The balance of payments remained positive in the first eight months of 2020, and the State Bank of Vietnam (SBV) has been able to accumulate about $12 billion more in international reserves. In August, Vietnam’s export performance remained resilient, growing 1.42 per cent on-month, but foreign direct investment (FDI) inflows moderated significantly as they reached about $720 million in August compared to $3.1 billion in July.

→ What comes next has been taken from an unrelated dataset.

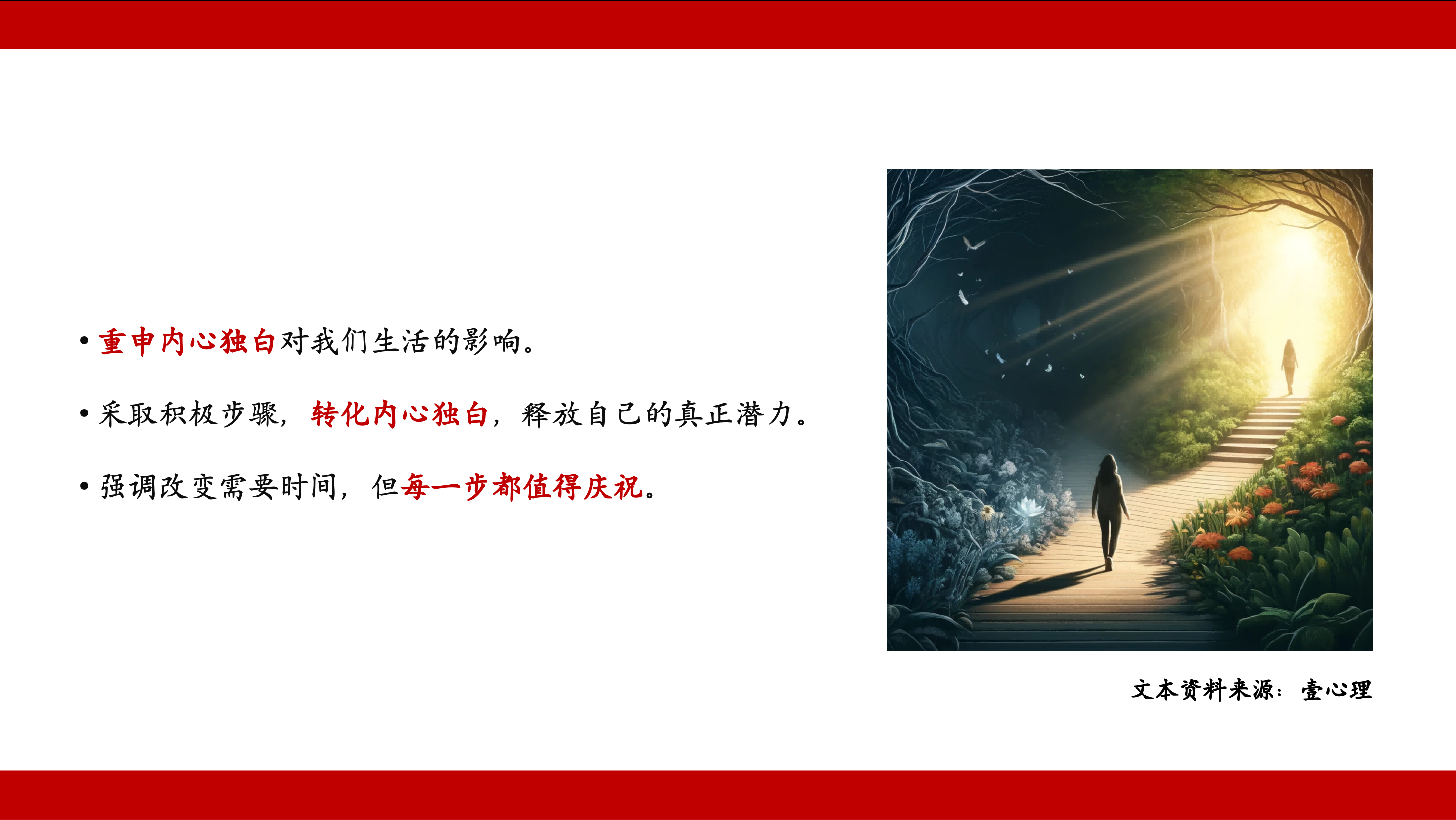 课程中,胡老师还分享了转化消极思维、释放内在潜力的策略,他建议我们应该学会与自己合作,让内心世界变得更平和、更强大。我们需要注意自己的身心健康,及时休息,而不是一味追求效率。此外,我们还需要学会与灾难化思维相处,不要过分担忧想象中的糟糕结果,而是应该专注于当前的任务。最后,我们需要认识到“最好”是没有极限的概念,接纳现实生活中的不完美和不可控,珍惜眼前的人和事,把握当下的美好。这些应对内心独白的方法旨在引导学生实现自我成长与提升。

Foreign reserves continued to accumulate, while the foreign exchange rate remained stable. At the end of August, the level of international reserves held by the SBV was equal to $92 billion, up from $80 billion at the end of December. While this increase is not as rapid as reported for the same period in 2019, it demonstrates the resilience of Vietnam’s economy, which reached a record-high merchandise trade surplus and attracted substantial FDI despite the pandemic.

This performance helped mitigate the impact of lower remittances and foreign exchange earnings from foreign visitors. The resilience of Vietnam’s balance of payments was corroborated by the stability of the value of the local currency compared to the US dollar.

Most economic and financial indicators continued to demonstrate Vietnam’s resilience, but the domestic rebound moderated in August, partly as the result of the COVID-19 outbreak in the central city of Danang. Exports continued to perform despite international headwinds, while FDI inflows slowed significantly.

Going forward, attention should be given to domestic and foreign investors who may postpone their plans in the uncertain current environment as well as the government’s response, which needs to stimulate the recovery in the short term and preserve fiscal and debt sustainability in the longer term.